## Dataset excerpt

┄┄┄┄┄┄

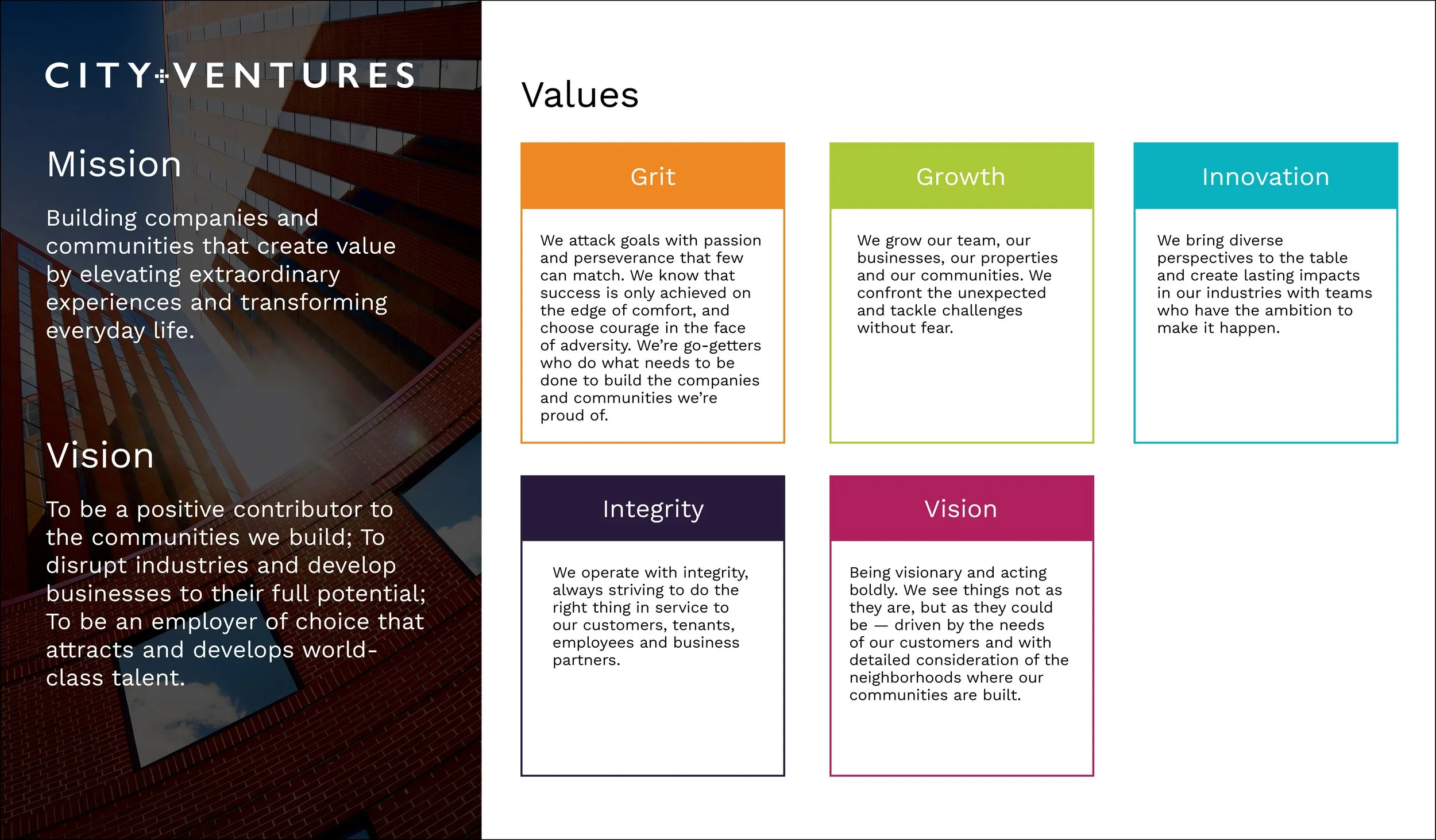 The Mission, Vision, and Values of a company establish their foundational purpose, establish long-term aspirations for their future, and display their culture and ethics to employees and the public. Although City+Ventures has been around for ten years, their portfolio of companies have always been the forefront of their focus compared to their corporate identity. It was time to establish a core brand foundation to represent the roots of the parent company.
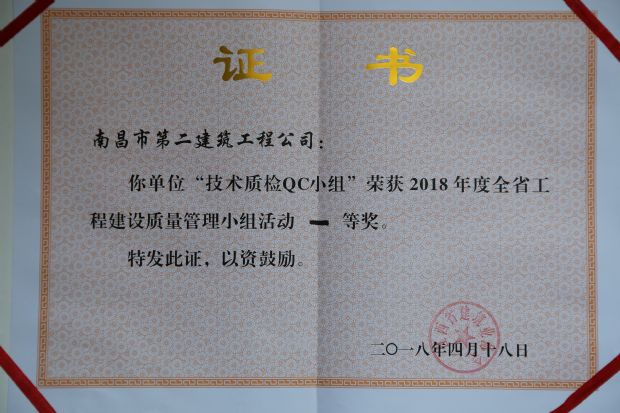 昨日,在全省QC成果發(fā)布會(huì )上,公司技術(shù)質(zhì)檢QC小組榮獲2018年度全省工程建設質(zhì)量管理小組活動(dòng)一等獎。
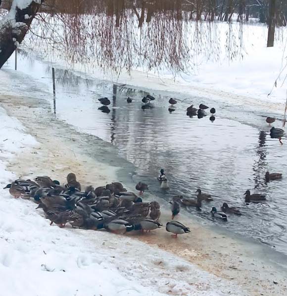 «Здається, качки і не збираються звідси нікуди переселятися. Поки плесо не замерзло, птахи плавають, пірнають, чалапають по засніжених берегах, ніби кожен виконує своє завдання. Досить цікаво за ними спостерігати. Перехожі часто милуються таким господарюванням крижнів на річці. Ми живемо поряд і підсипаємо птахам зерна. Згодували вже більше, ніж мішок», - розповідає Валентина Приходько, зауважуючи, що шкода птахів, бо навряд чи такій кількості вистачає тих харчів, що вони можуть роздобути у невеликій річці.

┄┄┄┄┄┄

Copy nothing but the lines from the first one in the listing through the line with "昨日,在全省QC成果發(fā", and omit the pictures.

 The Mission, Vision, and Values of a company establish their foundational purpose, establish long-term aspirations for their future, and display their culture and ethics to employees and the public. Although City+Ventures has been around for ten years, their portfolio of companies have always been the forefront of their focus compared to their corporate identity. It was time to establish a core brand foundation to represent the roots of the parent company.
 昨日,在全省QC成果發(fā)布會(huì )上,公司技術(shù)質(zhì)檢QC小組榮獲2018年度全省工程建設質(zhì)量管理小組活動(dòng)一等獎。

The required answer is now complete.